[DESCRIPTION OF THE TASK]: Copy out precisely the lines from the start of the data through the line with "校党委常务书记姜德学与大连青", and keep pictures out of it.

[EXERCISE DATA]:

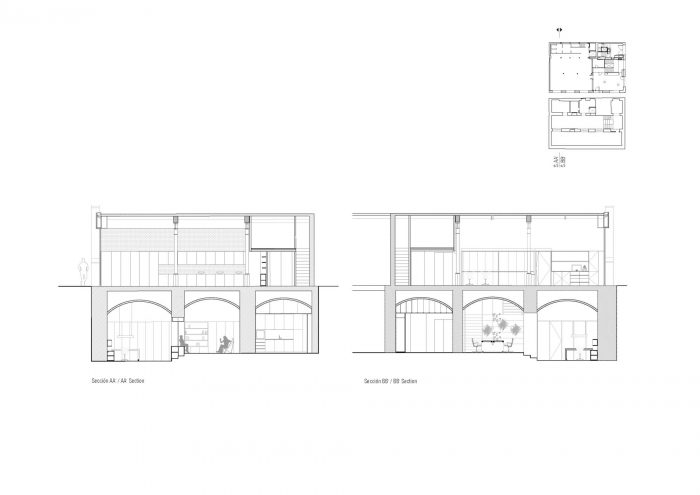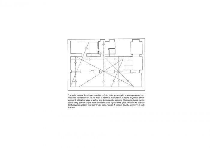This basement floor is thought from the idea of having again the original visual connections across a great central space with a large table. where habitually the main business activity resides as well as intersections and interactions of the daily company routine. The other two vaults are distributed parallel, and from every point of view, makes it possible to recognize the entire basement in its whole dimension.
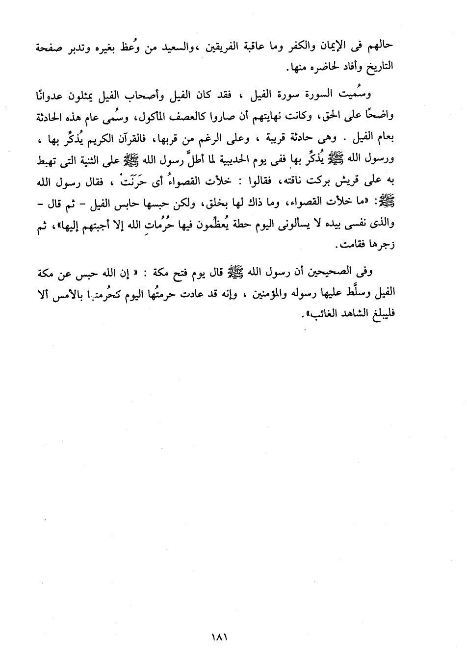 وفى الصحيحين أن رسول الله صلّى الله عليه وسلم قال يوم فتح مكة: «إن الله حبس عن مكة الفيل وسلّط عليها رسوله والمؤمنين، وإنه قد عادت حرمتها اليوم كحرمتها بالأمس ألا فليبلغ الشاهد الغائب».
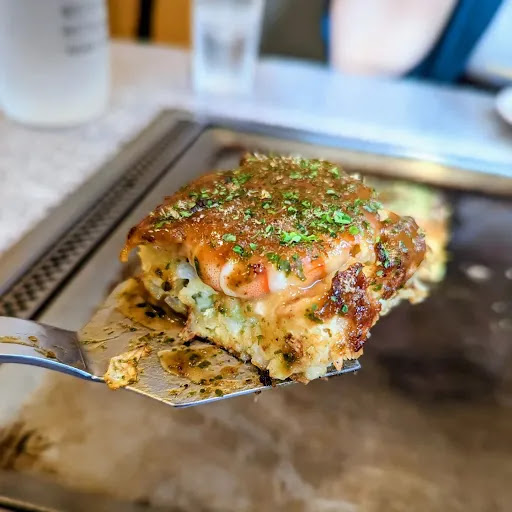Read moreフワフワでクリーミーなお好み焼き ソースはトンカツソースかマヨネーズソースが選べます マヨネーズソースはすでに混ぜ合わさ れてます その上にたっぷりの青海苔 100円追加でモダン焼きにできますが 食感を楽しむなら普通のお好み焼きがおすすめ お好み焼きが四角くてユニークです 焼そばもうまかったです
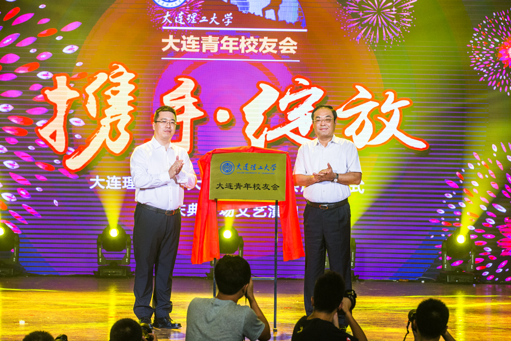 校党委常务书记姜德学与大连青年校友会首届理事长张永滨为大连理工大学大连青年校友会揭牌。
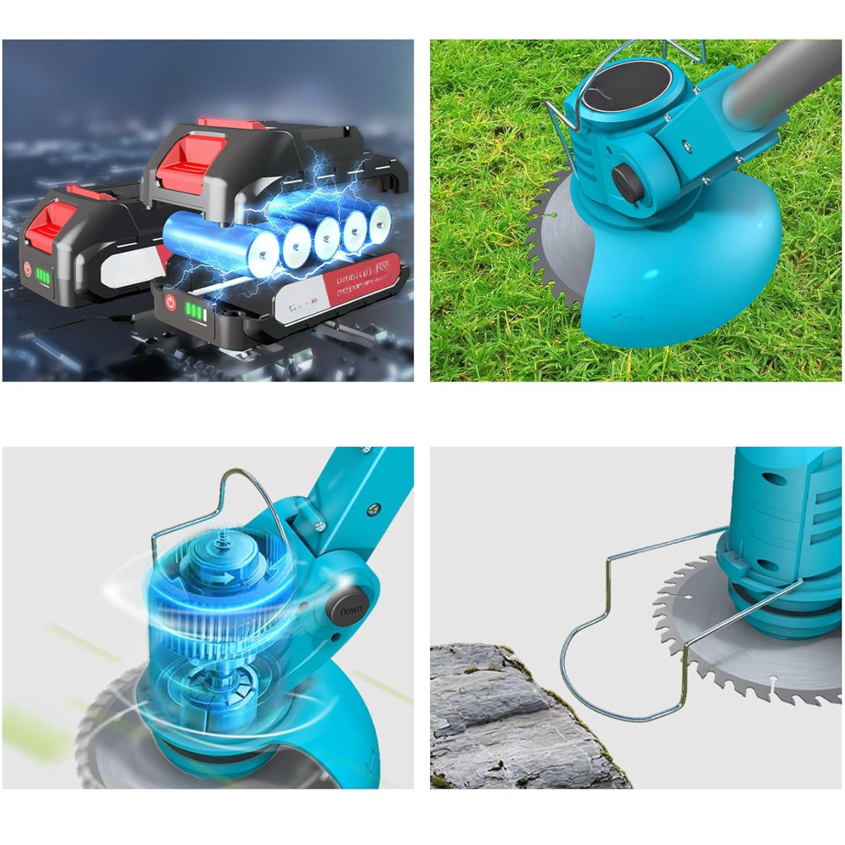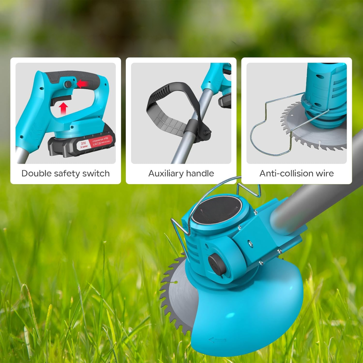 This cordless grass trimmer features a powerful motor with up to 18000 RPM speed, delivering efficient cutting performance. It easily trims grass, weeds and small plants for a clean and neat garden. - Three Types of Cutting Blades
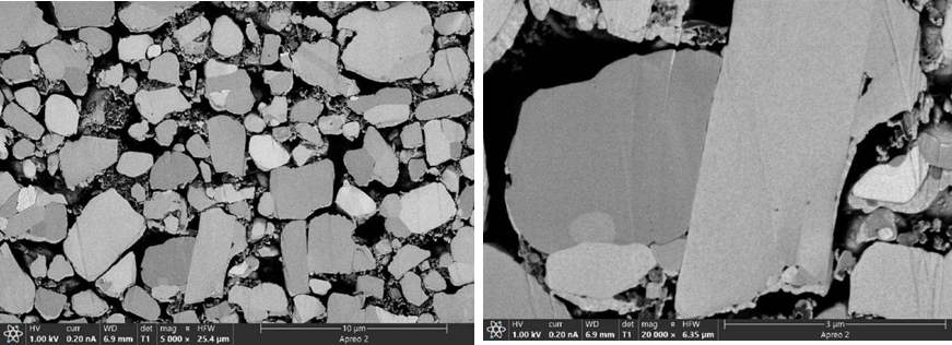 圖3(左)正極極片截面形貌;(右)NCM顆粒截面細節形貌
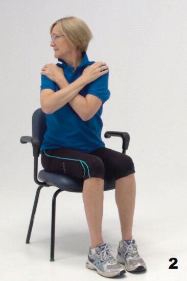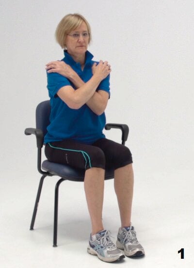 - Ga zitten op een stoel of op de rand van het bed en kruis uw armen voor de borst.
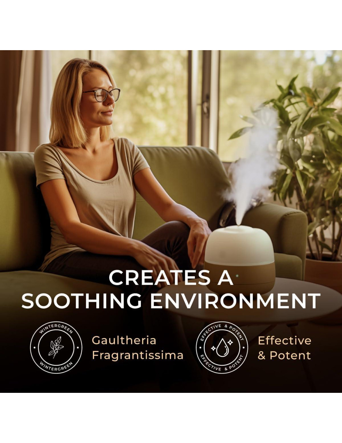 - A algunos les puede gustar la naturaleza refrescante del Aceite Esencial de Gaulteria para aliviar dolores de cabeza por tensión y calmar espacios mentales ocupados.
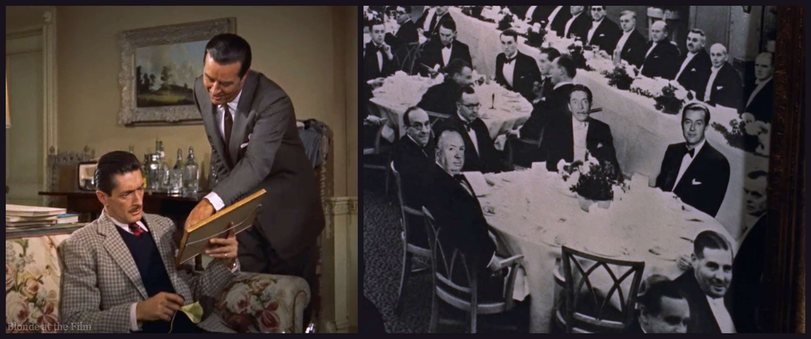 The car-selling gentleman arrives, and what a small world it is! The man, Swann (Anthony Dawson), is one of Tony’s old college pals! Coincidentally, Tony has a photograph from a reunion hanging on the living room wall, and there is Swann with the cigar next to Tony. Fun fact: the man in the left corner of the foreground is none other than Alfred Hitchcock in his customary cameo. Another fun fact: Dawson played the Swann character in the play before reprising his role in the film.

[EXERCISE SOLUTION]:
This basement floor is thought from the idea of having again the original visual connections across a great central space with a large table. where habitually the main business activity resides as well as intersections and interactions of the daily company routine. The other two vaults are distributed parallel, and from every point of view, makes it possible to recognize the entire basement in its whole dimension.
 وفى الصحيحين أن رسول الله صلّى الله عليه وسلم قال يوم فتح مكة: «إن الله حبس عن مكة الفيل وسلّط عليها رسوله والمؤمنين، وإنه قد عادت حرمتها اليوم كحرمتها بالأمس ألا فليبلغ الشاهد الغائب».
Read moreフワフワでクリーミーなお好み焼き ソースはトンカツソースかマヨネーズソースが選べます マヨネーズソースはすでに混ぜ合わさ れてます その上にたっぷりの青海苔 100円追加でモダン焼きにできますが 食感を楽しむなら普通のお好み焼きがおすすめ お好み焼きが四角くてユニークです 焼そばもうまかったです
 校党委常务书记姜德学与大连青年校友会首届理事长张永滨为大连理工大学大连青年校友会揭牌。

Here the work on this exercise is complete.